Whyyyyyy??? You were right there, Guardian. So close to being the one to speak to me in the Fahrenheit of my climate comms dreams . . . and then you’re back to 1C in the very next sentence? I feel disrespected. Worse, I feel tricked. And let’s be real, the “just over” phrasing isn’t helping matters either. “Just over” makes whatever number it accompanies feel like an approximation.
So is it? Are we just ball-parking how much global temperatures have warmed? We are not. The current global average in warming above preindustrial levels is 2.2F.
The F Principle
Speaking of F, here’s our question for today: Why the F are we persisting in using a metric that makes the climate crisis sound roughly half as big a deal as it is? Is it so we can get half the people all excited? Or so we can get all the people half-excited?

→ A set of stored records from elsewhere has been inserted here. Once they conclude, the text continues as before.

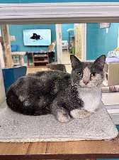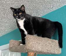 Sissy is a slim, elegant tuxedo girl with a charming white blaze on the bridge of her nose. She’s curious by nature and loves exploring high and low to find the perfect cozy spot to relax. While she can be a little shy around other cats at first, Sissy is a sweet, gentle companion who enjoys a calm environment and kind attention. Sissy has a mild condition called pillow paw, which can cause occasional swelling in her front paws. It’s usually not an issue in her day-to-day life, but a future adopter should be aware that it may require a vet visit and medication if it ever flares up. As long as she stays healthy and stress-free, it hasn’t caused her any trouble. Sissy would thrive in a patient, loving home where she can feel safe, comfortable, and adored.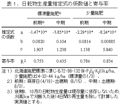 日乾物生産量は施肥水準や放牧草の生育ステージの影響を受けるため、施肥量別、時期別に個々に係数a,b,cを決定する(表1)。 |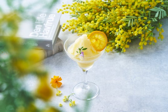 ロビーラウンジ&バー【ハナリ】では『ミモザソルベ』(※1)を提供いたします。沖縄県産シークワーサー果汁を贅沢に使用し、ミルクを加えてまろやかな味になるよう仕上げたソルベです。提供時にお客様の目の前でスパークリングワインを注ぐことで、泡立ちとともに爽やかな香りが立ち上ります。またこちらはノンアルコールスパークリングワインでも提供可能な一品です。時間経過とともに溶け出したソルベとスパークリングワインの絶妙な味わいをお楽しみいただけます。
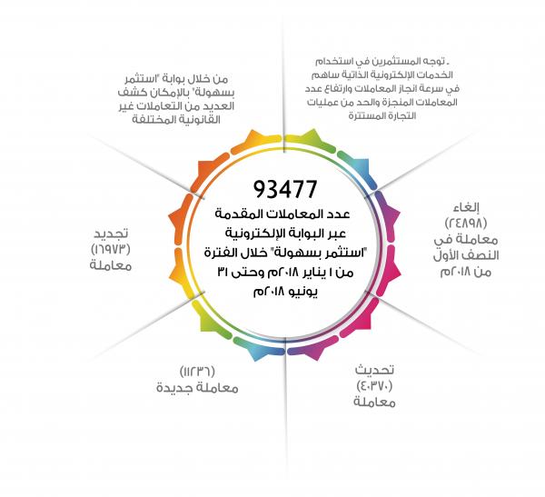 قالت وزارة التجارة والصناعة إنّ عدد المعاملات الإلكترونية التي تم تقديمها عبر البوابة الإلكترونية "استثمر بسهولة" خلال الفترة من مطلع يناير وحتى نهاية يونيو 2018؛ بلغ عددها 93477 معاملة إلكترونية. وتوجُّه المستثمرين في إجراء معاملاتهم عن طريق استخدام الخدمات الإلكترونية الذاتية المقدمة عبر البوابة ساهم في سرعة إنجاز المعاملات وارتفاع عدد المعاملات المنجزة، وتحقيق وضوح في الإجراءات، وإمكانية تحديث كافة بيانات الشركة إلكترونيا، وتوفير الوقت والجهد وزيادة الثقة لدى المستثمرين، وقد ساهمت البوابة في الحد من عمليات التجارة المستترة.
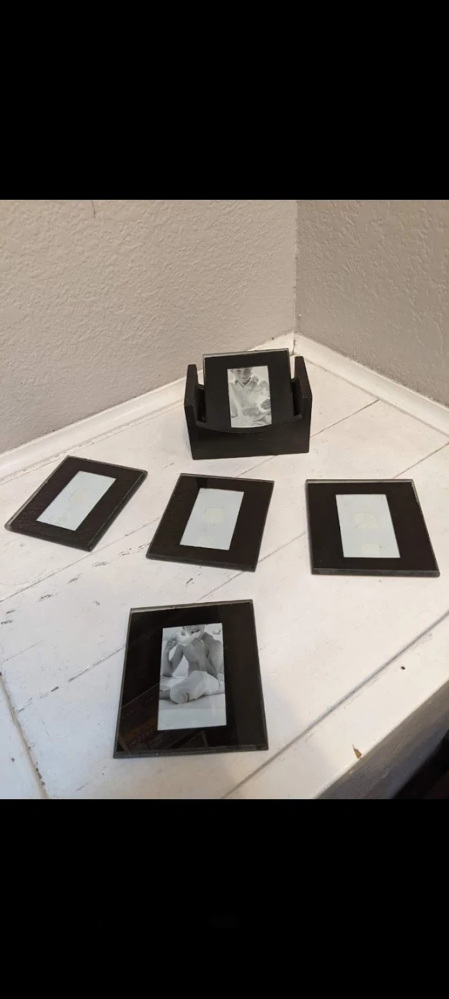 Selling a set of five picture frame coasters in black! They come with a convenient holder to keep them organized and ready for your next gathering. These coasters are perfect for adding a personal touch to your coffee table or bar area, allowing you to display your favorite memories while protecting your furniture

Neither option is going to do the job.
And with that, I’d like to propose something we could call the F Principle:
Never roll with numbers that minimize the problem.
We don’t have to convert to the metric system. While in some cases we already have—although, as General Bargatzington points out, “only in certain unpopular sports like track and swimming”—the simple truth is that we just have to use the numbers we all know.
Now, granted, a seismic shift from C to F in American climate reporting will require accumulated collective action. But on an individual, how-can-I-get-involved level, it’s the definition of a small thing, because it requires multiplying every 1C by 1.8F and that is literally all it takes. Let’s say you’re reading a piece about climate that talks about the 2.7F target limit agreed upon by the Paris Accord. Doesn’t 2.7 have a whole different vibe to it than 1.5? 2.7F is most of the way to 3F—and let’s take a moment to appreciate how big 3F is. Doesn’t sound like it at first. But put in context: 65F tells you to put on a sweatshirt; 68F tells you to take it off; the difference between them is three.
If we’re to have any hope of successfully conveying the immediacy of this alarmingly accelerating crisis—that is to say, if we’re to do what good messaging does, which is pave the way for people to join us—then it’s on us to start using numbers they can feel.